1. alice-private (your private category)
2. Test (cleared daily) — cleared nightly, safe for testing
3. 📄 Reports (id=16) — public portfolio at crossai.dev/u/alice/activity/topics
ESC. Keep current and exit
Choice [esc]: _
Selecting an option immediately updates category_id inside the DISCOURSE JSON in ~/.crossenv. The change takes effect for the next st-post call — no restart required.
From st-admin (no flags), two new keys are available:
D Select default Discourse site (when you have multiple sites configured)
c Select default posting category: private, Test (cleared daily), or 📄 Reports
=== st-admin Settings ===
D: Select default Discourse site
c: Select default Discourse posting category (private | test-cleared-daily)
...
D writes the chosen slug to DISCOURSE_SITE in ~/.crossenv.
c writes the chosen category_id into the active site's DISCOURSE JSON — same effect as using --discourse, but faster for day-to-day category switching.
Option 2 targets the shared Test (cleared daily) sandbox on crossai.dev (category id=6):
- Public read — anyone can view posts without logging in
- Login required to post — you must have a registered account
- Cleared nightly — all posts are automatically deleted at 00:05 UTC by a server cron job
- The category name includes
(cleared daily)so the behaviour is self-documenting
Use this category when you want to verify that st-post is working end-to-end without cluttering your private category.
If you completed --discourse-setup but st-post is still failing, run --discourse once. On first run, if the flat DISCOURSE_* keys exist in ~/.crossenv but the DISCOURSE JSON array (required by st-post) is absent, it is built and written automatically:
✓ Discourse configuration initialised from onboarding keys.
This closes the gap between provisioning and posting without requiring you to re-run setup.
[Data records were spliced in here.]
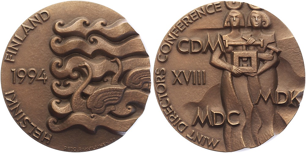 1994 Helsinki. XVIII Mint Directors Conference. Two stylized swans left in stylized waves. / Two women holding ancient mint press. Æ 60. Reijo Paavilainen. Original case. Unc.
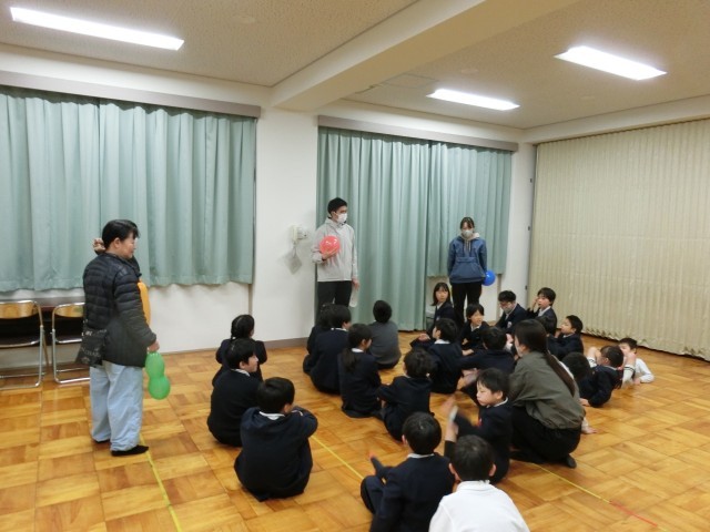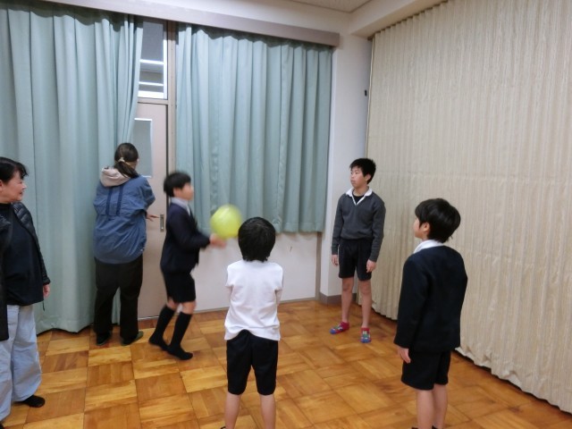 最初に、みんなで風船ゲームを楽しみました。違う学年が混ざっても、みんなで楽しく遊べるのがなかよし学級のいいところです。
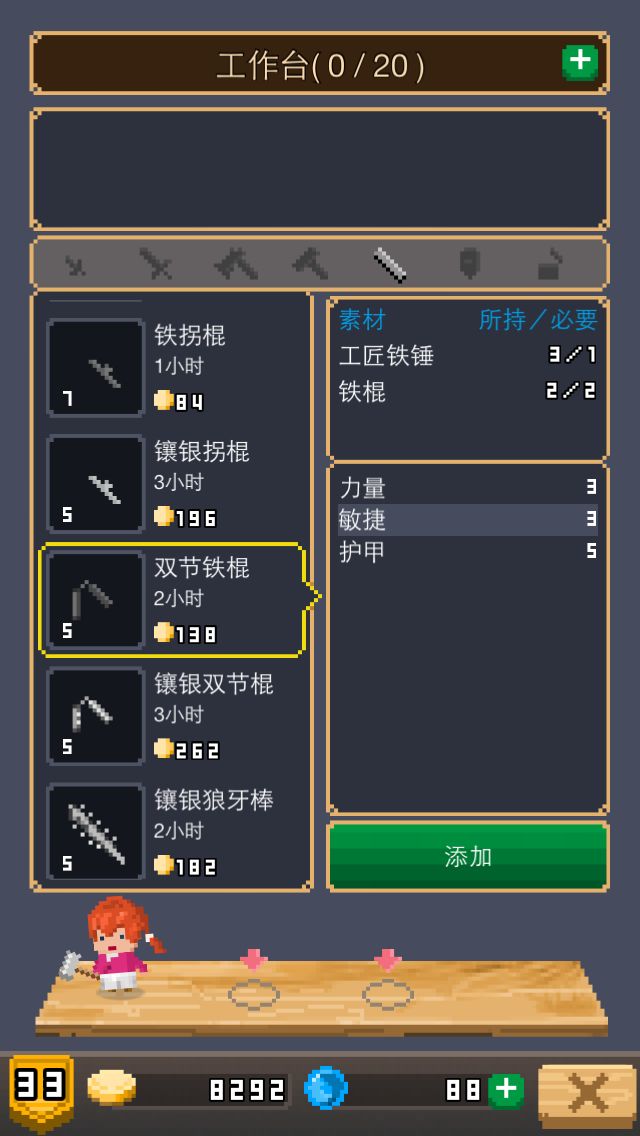 回旋镖分支只做出一个,也是工匠锤和两个匕首

| Flag / Key | Purpose | When to use |
|---|---|---|
--discourse-setup |
One-time account provisioning (T&C, API key, private category) | Once per user |
--discourse |
Show full config; switch default posting category (incl. custom ID) | Any time |
D (interactive menu) |
Select default Discourse site | When you have multiple sites |
c (interactive menu) |
Quick-switch posting category: private or test-cleared-daily | Day-to-day use |
Reads and writes ~/.crossenv (global) and .env (repo-local). Model overrides are stored in .ai_models, one provider=model per line. --init-templates seeds ~/.cross_templates/ from the bundled template/ directory.